Repeat the listing that follows character for character, omitting images.

==== Given information ====

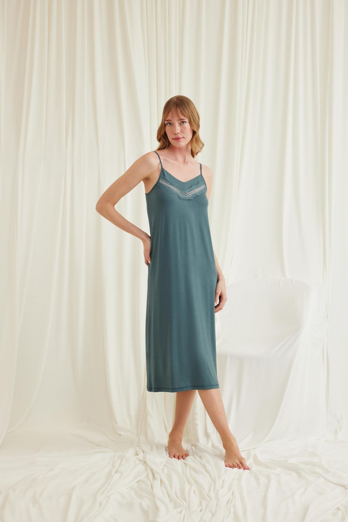 Sabahlık: Yeşil renklidir, kolu dantellidir, uzun kolludur, kuşaklıdır, örme kumaştır. Gecelik: Yeşil renklidir, ayarlanabilir ip askılıdır, derin V yaka dekoltelidir, göğüs kısmı dantellidir, örme kumaştır.
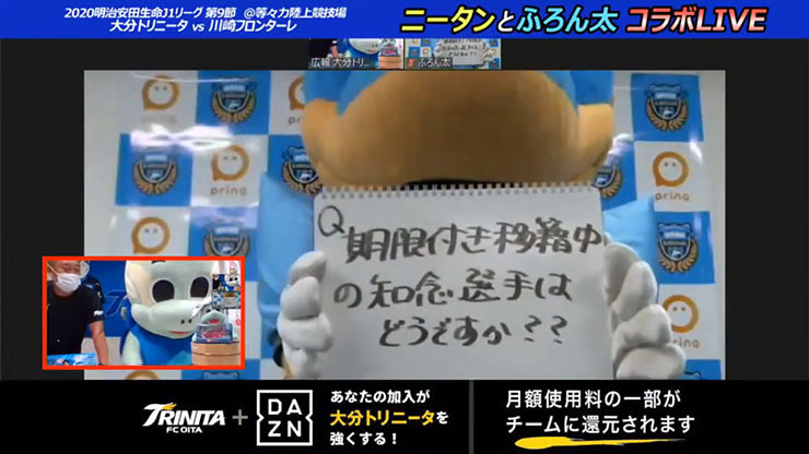 7月の公式戦再開からギフティング(投げ銭)の受付を行っていますが、先日の大分トリニータ戦ではそのうちの一つ「pring」を使ってニータンとふろん太のコラボLIVE配信を実施しました。
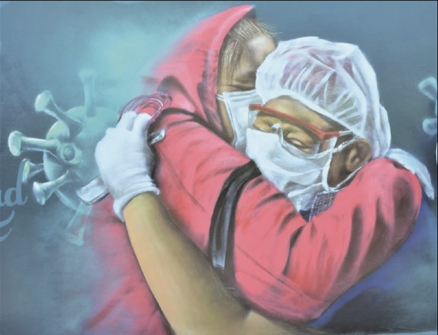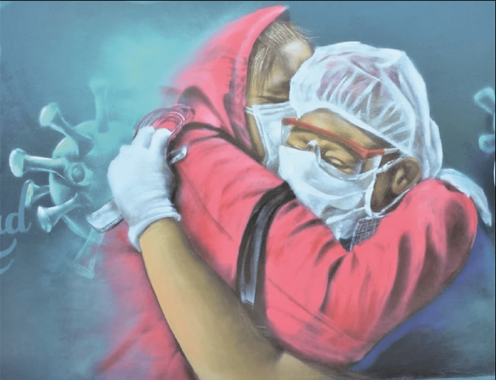 In a second scene, they portrayed recovered patients hugging as a sign of hope. In the third part, they painted three faces: a nurse wearing a mask, a police officer and an Armed Forces soldier, all of whom worked tirelessly during the peak months of the pandemic.

====

Result below>
 Sabahlık: Yeşil renklidir, kolu dantellidir, uzun kolludur, kuşaklıdır, örme kumaştır. Gecelik: Yeşil renklidir, ayarlanabilir ip askılıdır, derin V yaka dekoltelidir, göğüs kısmı dantellidir, örme kumaştır.
 7月の公式戦再開からギフティング(投げ銭)の受付を行っていますが、先日の大分トリニータ戦ではそのうちの一つ「pring」を使ってニータンとふろん太のコラボLIVE配信を実施しました。
 In a second scene, they portrayed recovered patients hugging as a sign of hope. In the third part, they painted three faces: a nurse wearing a mask, a police officer and an Armed Forces soldier, all of whom worked tirelessly during the peak months of the pandemic.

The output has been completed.